The Veterans Committee put Face up for a vote a few times, but he was unsuccessful there, too. He’s still eligible for consideration through the Classic Era committee, which meets again in 2024, but the odds of Face getting in at this point are low, according to MLB’s official historian, John Thorn.

“That’s because the nature of the relief pitcher has changed over time, and saves are the currency, and that was not what managers were looking for from relievers then,” Thorn said.

The save wasn’t adopted as an official MLB statistic until 1969, though it was used widely starting in 1959. A save is credited to a pitcher who finishes a game for the winning team under certain circumstances — commonly when a pitcher enters in the ninth inning in which his team is winning by three or fewer runs, and finishes the game by pitching one inning without losing the lead.

Statisticians have calculated saves for pre-1969 pitchers, and Face’s are nothing to sneeze at — he led the National League in 1958 (20 saves), 1961 (tied with Stu Miller with 17) and 1962 (28). He finished with 191 career saves. But his best statistic was wins, and by the time he was on the ballot in 1976, saves were seen as a more accurate measure of success for relievers.

Hoyt Wilhelm, the first reliever to get into the Hall of Fame in 1985, was the first pitcher to 200 saves, finishing with 228. Rollie Fingers, the next reliever in Cooperstown, had 341.

“(Face) just wasn’t quite used in the same way that really generated that sort of high visibility,” said Jay Jaffe, a BBWAA member who wrote “The Cooperstown Casebook” analyzing Hall of Fame players.

Face usually had to pitch multiple innings and wasn’t consistently used in save situations the way pitchers are today. Aroldis Chapman of the New York Yankees, for example, has 310 saves despite pitching 611 innings to Face’s 1,375.

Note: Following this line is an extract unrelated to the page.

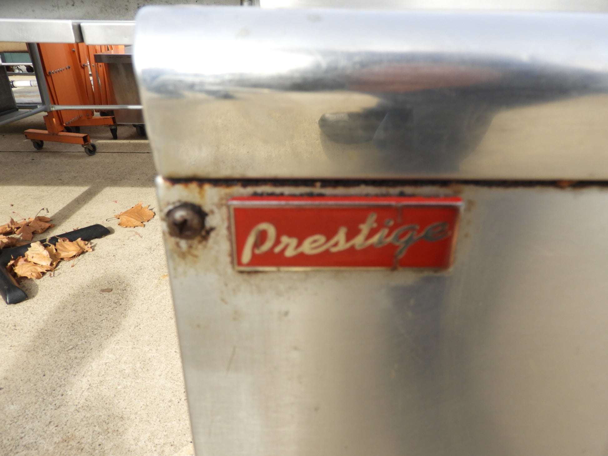 This sink is used but is in good usable condition. One of the drains have been repaired with weld (see pictures). This does have some scuffs and scratches on it from use. The dimensions are 84"x24.5"x36.5" and the bowls are 14"x10"x9.5".
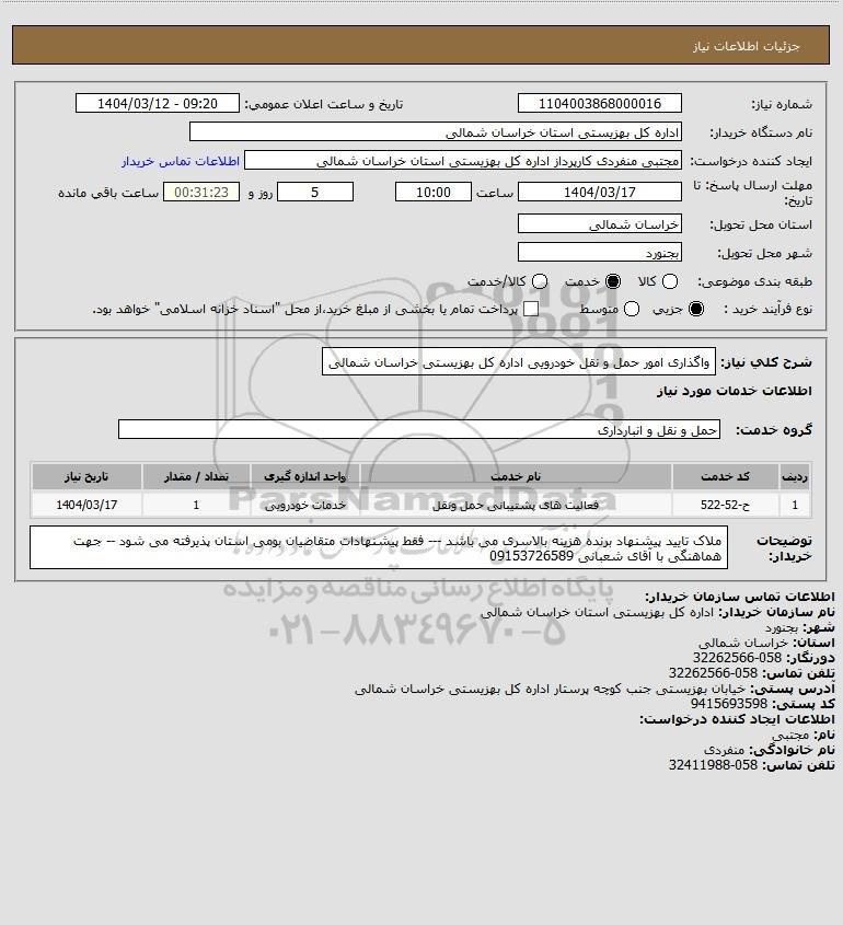شرح کلی نیاز: واگذاری امور حمل و نقل خودرویی اداره کل بهزیستی خراسان شمالی

John Perrotto, a longtime Pirates writer and member of the BBWAA, said he regularly struggles with how to approach relievers on the Hall of Fame ballot.

He once asked Trevor Hoffman, another Hall of Fame reliever, how to evaluate the position.

“He thought the benchmark in his eyes — and this is somebody who did it for a long time — is the number of 30-save seasons that they had,” Perrotto said.

But that standard doesn’t quite fit a reliever like Face, who pitched when the save was only gestating.

In Jaffe’s opinion, it’s hard to make the case today that Face belongs in the Hall of Fame from a statistical standpoint.

“But if you put Roy Face in the modern model where he’s only got to work one inning a day, he can throw a little bit harder and focus only on the games where he’s got a save chance, he might come out of it looking very different,” Jaffe said. “Then again, maybe not.”

When Face looks back on his career, it’s not the lack of a Hall of Fame plaque that bothers him most, though — it’s not winning the 1960 World Series MVP.

“I was the first closer to have three saves in a World Series, and if the Yankees hadn’t tied it up in the last game I’d have had the win in that game, and they gave the MVP to (Bobby) Richardson for the Yankees. That’s the only time in baseball that a losing player got the MVP,” Face said.

“Had a couple good weeks, a couple strikeouts — 17 one week, 18 the other week. The scout saw it in the paper, and he came down to watch me pitch, and in the seventh inning signed me to a contract.”